Despite many companies taking a proactive and forward-thinking approach, remote work still has a stigma attached to it, and those who work remotely are either seen as second class, less productive citizens when there is an office where other people work, or it’s assumed they’re taking it easy and watching Netflix all day. The reality is far removed from these false assumptions.

Why working from home is not remote work

Working from home is not the same as remote work.

Companies that – more often than not – have staff work in the same office or several offices and facilities across the world – rarely allow large numbers of staff to work remotely. As a direct result of the work they do, some workers are effectively remote, such as field sales teams. However, most employees are expected to work from the same office or facilities for the equivalent of a full or part-time working week, depending on their contract and shift patterns.

In that scenario, every so often, an employee might ask to work from home. Usually, that is in the event of being unwell, but not so unwell that they can’t do some work, or a child or family member is unwell, or they need to stay in for an important delivery (e.g., a sofa) or repairs being done (e.g., a boiler). In that sort of situation, an employee would need to be doing work that can be done with a computer and Internet connection, not something whereby they’re needed on-site to perform tasks.

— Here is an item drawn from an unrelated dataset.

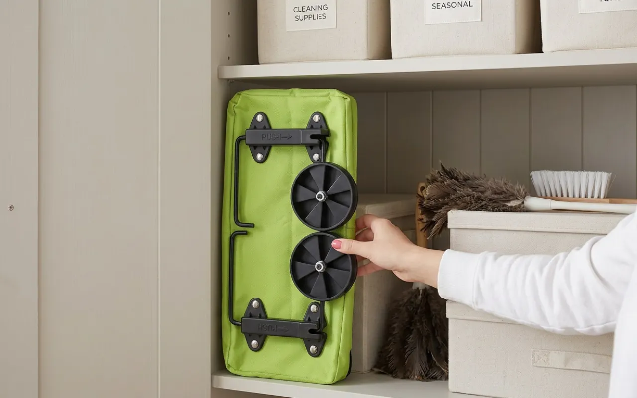 Got this cart after my shoulder surgery. Now I load heavy bottles and fruit without worrying. It folds in seconds and slides beside the wardrobe easily.

What we’ve described above is a rarity. It is often something granted only every so often, and this is working from home, not remote work. In comparison, remote work involves a near-permanent setup, such as a home office. There is a sliding scale that companies are recognizing when it comes to remote work:

An in-office team with flexible working policies: This means that staff has the option to work remotely. It isn’t a rare one-off event, and they don’t need to demonstrate a delivery has been arranged or there is a sick family member to look after. Policies and systems – and the technology – should be in place to ensure that team members can be as productive at home as they are in the office.

A teammate moves away and now the team is remote: In this scenario, one or more of the team have moved either to another city or country. But the company didn’t want to let that talent and experience go. Instead, remote policies are created and implemented to support remote working and ensure the remote team member(s) can continue to contribute to the company successfully.

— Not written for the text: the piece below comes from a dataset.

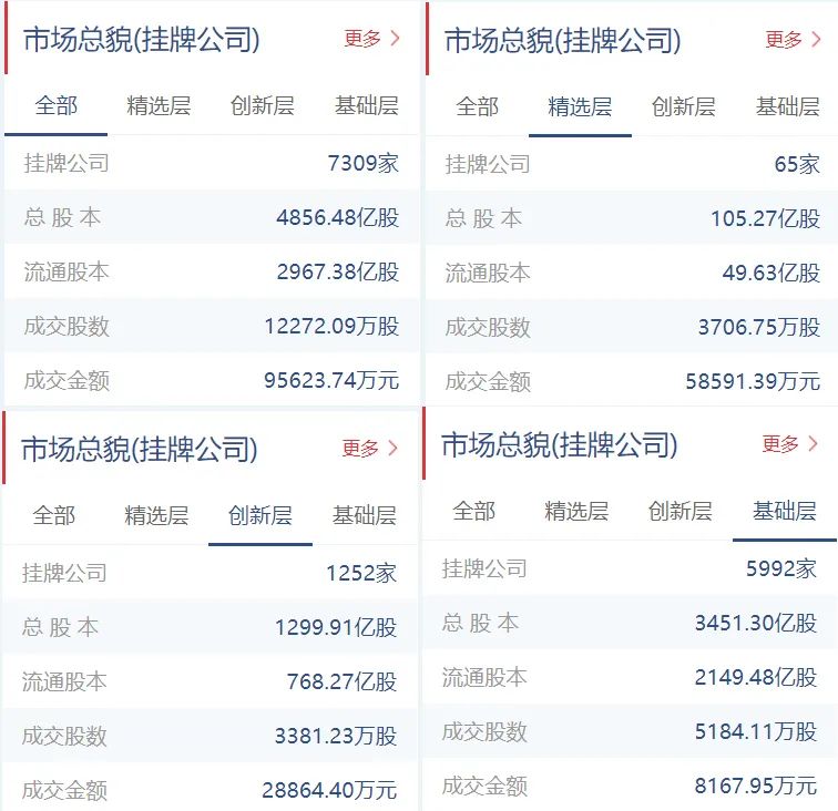 新三板挂牌公司总计7309家(精选层65家,创新层1252家,基础层5992家),总股本4856.48亿股,流通股本2967.38亿股。

A fully formed remote team: Buffer, Trello, and dozens of other companies – usually in the tech sector – and many of them still considered startups (even though some are turning over millions are approaching ten or more years old) – have completely remote policies and practices in place. Often, completely remote companies don’t even have an office and manage processes, systems, and technology that makes it easy for anyone to work from anywhere and be even more productive wherever they are in the world.

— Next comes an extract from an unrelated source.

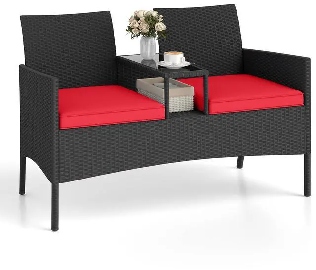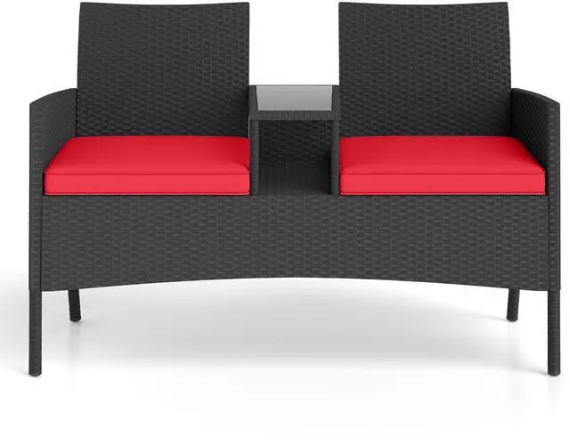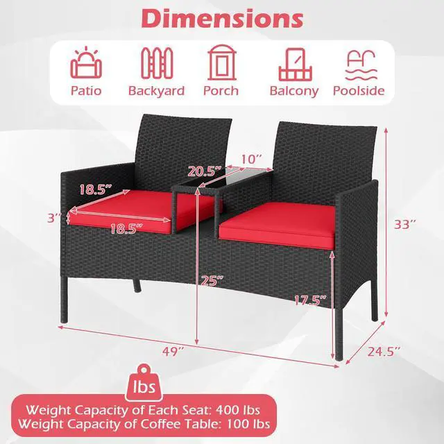 2-Seat Outdoor Loveseat with Table: Designed with two connected seats and a center tableperfect for enjoying drinks, snacks, or reading on your porch, patio, or backyard.

The state of remote: how it has changed

Remote work is more popular and commonplace than ever before. Twenty years ago, the technology was only emerging to make remote work possible; although the attitudes were stuck firmly in an office for a fixed period. Now, technology and attitudes have shifted, resulting in the fact that “Forty-three percent of U.S. workers spend at least some time working remotely at a growing list of remote-friendly workplaces.”

Tens of millions of people worldwide spend some or all of their working hours, whether employed full or part-time or freelancing, and therefore working for several clients, at a distance from those they’re working with.

Matthew Hollingsworth, the Director of Operations at We Work Remotely, said, in relation to the Buffer remote work study, “We see hundreds of thousands of qualified people come to WWR each month looking for remote work and have seen the companies that embrace it leading the way in attracting the best talent.” There are now over 600 companies that embrace a remote-first working policy and are attracting talent from across the world.

Remote work is a trend that continues to grow. It continues to become the norm, not the exception, and we predict this will increase in popularity amongst working professionals and companies around the world. And not just the tech sector: companies looking to attract a higher caliber of talent and reduce operational costs will start to turn to remote working – also known as telecommuting – to compete more effectively against those who’ve already embraced the remote revolution.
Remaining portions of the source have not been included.